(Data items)
##############################
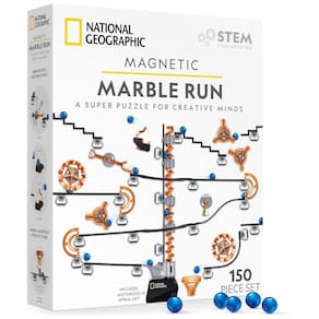 Este conjunto de construção magnética de mármore da marca Blue Marble, patenteado e apoiado por milhares no Kickstarter, é um verdadeiro sucesso! Com uma pista e truques únicos, você pode ajustar e adicionar novos caminhos emocionantes. Inclui elevador motorizado, 70 conectores de pista, 32 peças especiais, 25 mármores e muito mais para infinitas combinações e diversão criativa. Construa em superfícies magnéticas verticais, como geladeiras, armários e lousas. Conectores de encaixe seguro e instruções detalhadas tornam a montagem fácil. Vencedor do prêmio Toy of the Year Award!
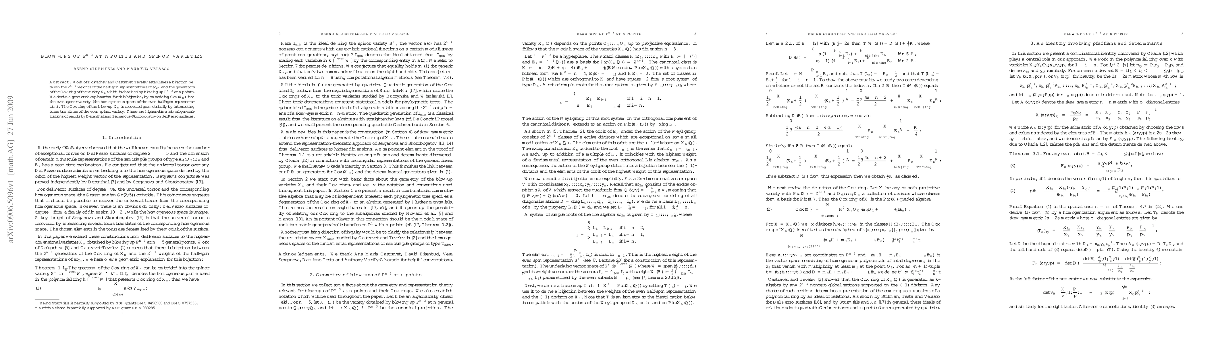 Work of Dolgachev and Castravet-Tevelev establishes a bijection between the $2^{n-1}$ weights of the half-spin representations of $\mathfrak{so}_{2n}$ and the generators of the Cox ring of the variety $X_n$ which is obtained by blowing up $\mathbb{P}^{n-3}$ at $n$ points. We derive a geometric explanation for this bijection, by embedding ${\rm Cox}(X_n)$ into the even spinor variety (the homogeneous space of the even half-spin representation). The Cox ring of the blow-up $X_n$ is recovered geometrically by intersecting torus translates of the even spinor variety. These are higher-dimensional generalizations of results by Derenthal and Serganova-Skorobogatov on del Pezzo surfaces.
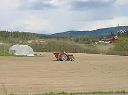 In 1826 the farm was registered as having 7 horses, 28 cattle and 32 sheep. In 1939 this number had risen to 9 horses and 69 cattle; sheep had been discontinued but ducks and chickens had been added. The farm is also used for fruit cultivation. In older times limestone extraction and burning was conducted northeast of the farm, at Steinskogen.[5] Limestone burning is an old characteristic of Bærum municipality, and a lime kiln is the inspiration for its coat of arms.[7] Lime from Øverland was used at Akershus Fortress in 1629 and 1661.[8] Around the same time, the farm also operated a nearby sawmill.[9]
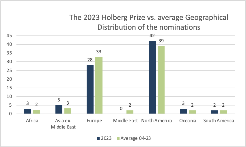 Akademiske miljø i Nord-Amerika og Europa dominerer både på nominator- og kandidatsida. Denne tendensen har vore stabil heilt sidan Holbergprisen blei oppretta i 2004. Som tabellen under syner er den geografiske fordelinga for kandidatar i 2023 på linje med gjennomsnittet for 2004–2023. Det er her viktig å notere seg at nasjonalitet i denne samanhengen er rekna etter primær institusjonstilknyting / arbeidsland, ikkje fødeland eller statsborgarskap. I denne oversikta er Israel rekna som tilhøyrande Midt-Austen, og Russland reknast til Europa.
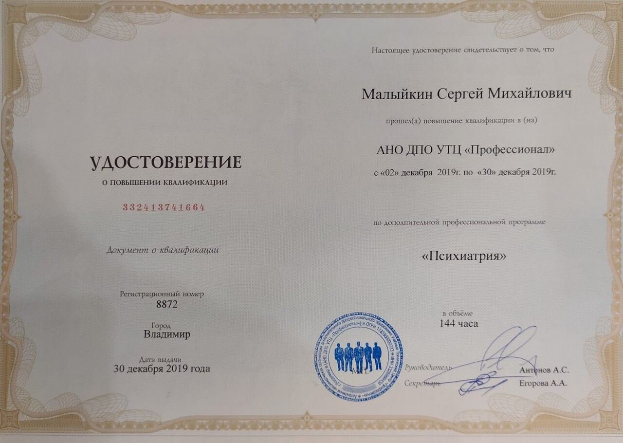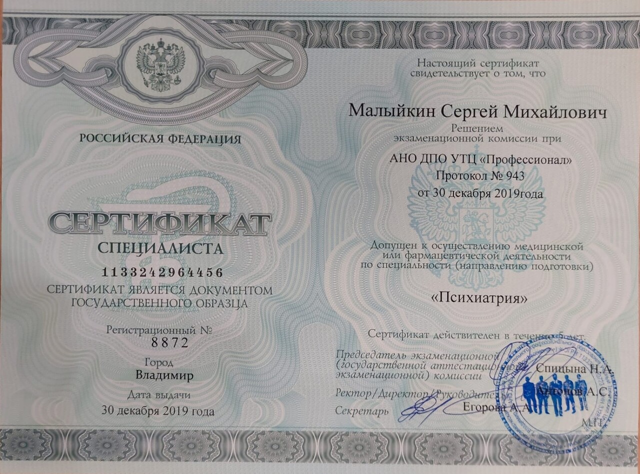 – июнь 2019г — сертификат по локальным инъекционным блокадам
##############################
§ Task:
Set down only the lines running from the line with "In 1826 the" to the end of the entries, inclusive; omit every picture.

§ Answer section:
 In 1826 the farm was registered as having 7 horses, 28 cattle and 32 sheep. In 1939 this number had risen to 9 horses and 69 cattle; sheep had been discontinued but ducks and chickens had been added. The farm is also used for fruit cultivation. In older times limestone extraction and burning was conducted northeast of the farm, at Steinskogen.[5] Limestone burning is an old characteristic of Bærum municipality, and a lime kiln is the inspiration for its coat of arms.[7] Lime from Øverland was used at Akershus Fortress in 1629 and 1661.[8] Around the same time, the farm also operated a nearby sawmill.[9]
 Akademiske miljø i Nord-Amerika og Europa dominerer både på nominator- og kandidatsida. Denne tendensen har vore stabil heilt sidan Holbergprisen blei oppretta i 2004. Som tabellen under syner er den geografiske fordelinga for kandidatar i 2023 på linje med gjennomsnittet for 2004–2023. Det er her viktig å notere seg at nasjonalitet i denne samanhengen er rekna etter primær institusjonstilknyting / arbeidsland, ikkje fødeland eller statsborgarskap. I denne oversikta er Israel rekna som tilhøyrande Midt-Austen, og Russland reknast til Europa.
 – июнь 2019г — сертификат по локальным инъекционным блокадам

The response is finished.